At the macadamia and avocado sites, there was no treatment effect on WSC but significant variation over time (Table 6). At the macadamia site, September 2021 had a significantly higher site mean (0.47 mg C kg soil−1; p < 0.01) than all other sample times where mean values ranged from 0.18 to 0.27 mg C kg soil−1 (Figure 2). At the avocado site, WSC was highest in November 2021 with a mean of 0.53 mg C kg soil−1 (Figure 2). This was significantly higher (p < 0.01) than all other time points where site mean ranged from 0.11 to 0.27 mg C kg soil−1 (Figure 2). At the coffee site, there was a significant response of WSC over time, but also a sampling time and treatment interaction (Table 6). This was driven by WSC in the control treatment declining from 0.60 mg C kg soil−1 in September 2021 to 0.30 mg C kg soil−1 in November 2021, while WSC in the cover crop treatment was not significantly different in November 2021 (0.55 mg C kg soil−1) to September 2021 (0.57 mg C kg soil−1) (Figure 2). By January 2022, there were no differences between treatments with means decreasing to 0.27 and 0.28 mg C kg soil−1 in the control and cover crop treatments, respectively (Figure 2). However, WSC increased to 0.56 mg C kg soil−1 in the control in May 2022, while remaining at a mean of 0.31 mg C kg soil−1 in the cover crop treatment (Figure 2).
This trend was not matched in HWC, with no treatment response at any site, but all sites having significant temporal variation (Table 6). At the macadamia site, HWC was highest in November 2021 and January 2022, with means of 2.08 and 2.03 mg C kg soil−1 respectively (Figure 2). These values were higher than all other time points (p < 0.01) with values ranging from 1.02 mg C kg soil−1 (March) to 1.24 mg C kg soil−1 (September) (Figure 2). At the avocado site, site mean HWC in November 2021 (0.98 mg C kg soil−1) was significantly higher (p < 0.01) than all other time points (0.41–0.63 mg C kg soil−1) except January 2022 (0.70 mg C kg soil−1) (Figure 2). HWC was not different between January 2022 and the other months (p > 0.1) (Figure 2). At the coffee site, there was no difference (p = 0.54) in site mean HWC between September 2021 (2.02 mg C kg soil−1) and November 2021 (2.35 mg C kg soil−1). November 2021, however, was significantly higher (p < 0.05) than all other months where means ranged from 1.57 to 1.70 mg C kg soil−1 (Figure 2).
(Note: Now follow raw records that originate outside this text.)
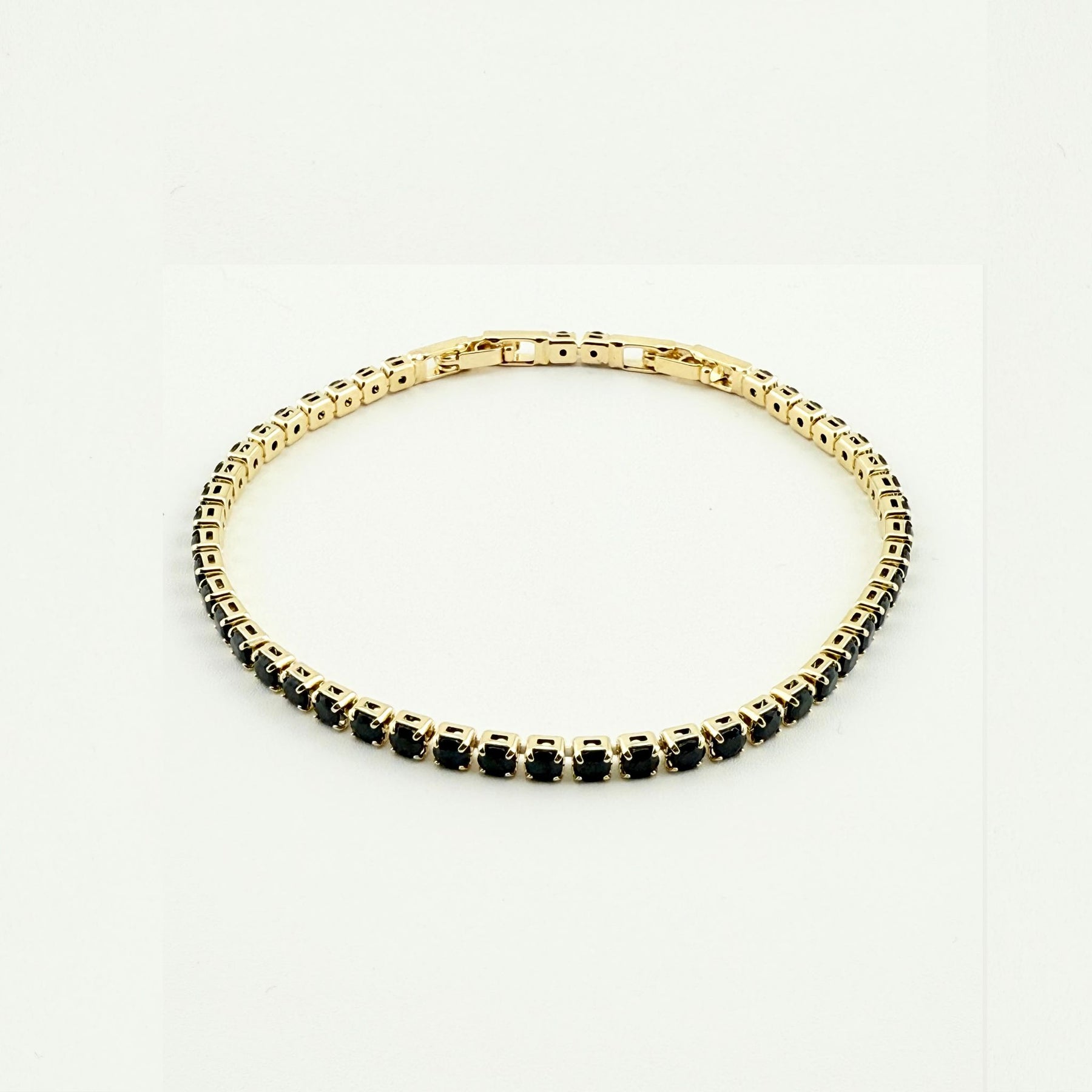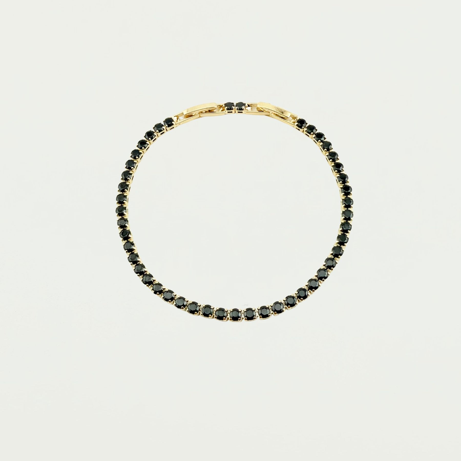 Strălucire sofisticată, brățara tennis decorată cu pietre negre, perfectă pentru un look statement.
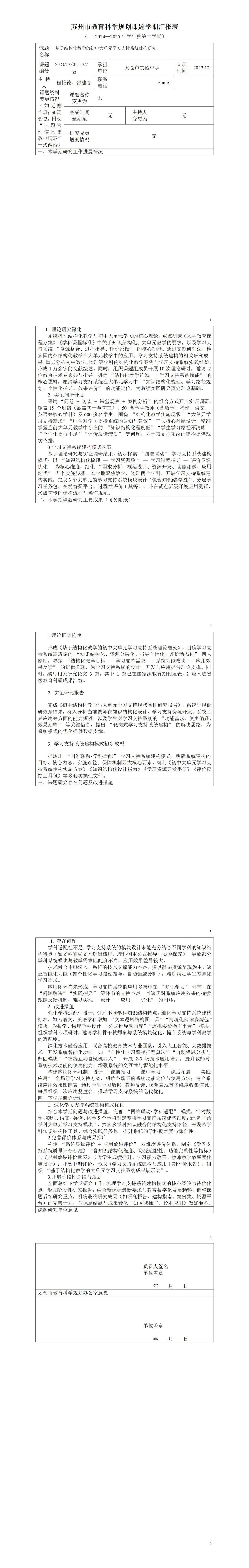 2024-2025学年第一学期 苏州市规划课题《基于结构化教学的初中大单》学期汇报表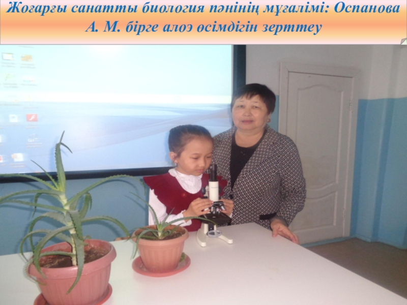 Слайд 15Жоғарғы санатты биология пәнінің мұғалімі: Оспанова А. М. бірге алоэ өсімдігін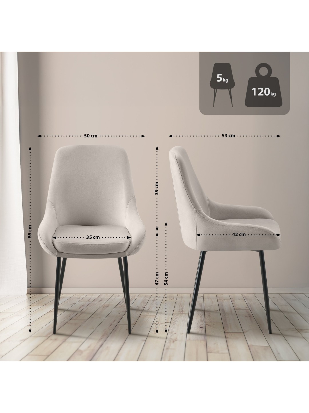 Vivez une expérience d'assise élégante et confortable avec la chaise de salle à manger Elmira. La chaise de salle à manger moderne est le complément parfait à toute salle à manger, grâce à son design élégant en velours de haute qualité. La finition solide et la construction robuste caractérisent la chaise Elmira, qui peut supporter jusqu'à 150 kg. Avec une hauteur d'assise fixe de 47 cm et une assise rembourrée, il offre un confort optimal pendant de longues périodes.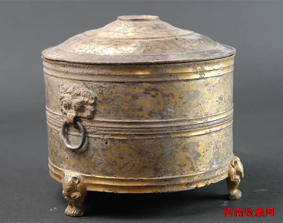 樽是一种古代的盛酒器,还用于温酒。见于战国,盛行于汉晋。 这件铜樽1933年4月出土于南阳县石桥镇汉墓。通体鎏金,盖面和腹外壁饰有两周精美的鎏金花纹。鎏金花纹带皆以自然的白铜为衬地,鎏金而成的图案为繁密而流畅的金色流云纹,珍禽瑞兽出没云气间,形象可辨者有应龙、羽人、鹿、朱雀、飞雁、独角兽等,纹饰流畅而有生气,雕刻精细。

Soil protein showed a treatment effect as well as significant temporal variation at the macadamia site (Table 6). The treatment effect was driven by higher soil protein in September 2021 (11.79 mg C kg soil−1 compared to 9.72 mg C kg soil−1 in the control) and an overall higher mean of 12.0 mg C kg soil−1 in the cover crop treatment compared to 11.4 mg C kg soil−1 in the control (Figure 2). Aside from the September time point, there were no significant differences between treatments. The temporal effect was driven by the highest values being observed in November 2021 (p < 0.01; Figure 2). At the avocado site, there was only a significant effect with sample time. The site mean of 8.56 mg C kg soil−1 in November 2021 was higher than all other sample times (p < 0.01). September 2021 (7.04 mg C kg soil−1) January 2022 (6.81 mg C kg soil−1) and May 2022 were not significantly different (p > 0.9), with March 2022 (5.47 mg C kg soil−1) significantly lower than September 2021 and January 2022 (p < 0.05). At the coffee site, there was a significant interaction between treatment and time of sampling on soil protein (Table 6). The temporal effect is driven by higher values across the September to January period with mean values varying from 12.60 to 15.72 mg C kg soil−1 in the control, and 11.87 to 16.55 mg C kg soil−1 in the cover crop treatment. There was then a general trend towards lower values in the cover crop treatment from January 2022 to May 2022; however, there were no individual treatment differences at the same time point (p = 0.15).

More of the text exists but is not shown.